Data Ingestion & Cleaning

The Soteria pipeline transforms raw Python source code into a structured, numerical format suitable for machine learning. This process involves multi-source ingestion, rigorous deduplication, and Abstract Syntax Tree (AST) normalization to ensure the model learns behavioral patterns rather than specific variable names or comments.

Overview of Data Sources

Soteria ingests data from two primary channels to create a balanced dataset of "Clean" and "Malicious" samples:

Local Directory Ingestion: The pipeline scans the backend/data/ directory.
- clean/: Python files containing safe, standard functional logic (Label: 0).
- corrupted/: Python files containing backdoors, injections, or malicious logic (Label: 1).
External Datasets: The system supports high-volume ingestion from Hugging Face CSV exports located at backend/data/external/huggingface_raw.csv.

The Ingestion Workflow

The ingestion engine, powered by dataPipeline_AST.py, follows a strict sequence to ensure data purity:

1. SHA-256 Deduplication

To prevent "Data Leakage" and training bias, every function is hashed using the SHA-256 algorithm before entering the dataset.

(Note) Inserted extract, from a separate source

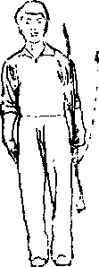 两脚并立费左手抱刀垂于身称左瓣.右臂自然耋于身体 右侧;目视前方,(图1)
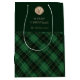 Add an elegant touch to your holiday gift giving with our festive green plaid personalized gift bag. Featuring a classic green plaid pattern, this bag is adorned with dark border at the top. The border is elegantly accented with a stunning golden stag silhouette stamp and the festive message, “Merry Christmas.” The reverse side showcases the classic green plaid pattern, adding a touch of timeless elegance.

Mechanism: The raw text of a function is converted into a unique hex fingerprint.
Action: If a fingerprint already exists in the seen_hashes set, the function is discarded. This ensures that duplicate code snippets—common in large datasets—do not skew the model's accuracy.

2. AST Parsing and Granular Splitting

Unlike simple text scanners, Soteria parses code into an Abstract Syntax Tree (AST).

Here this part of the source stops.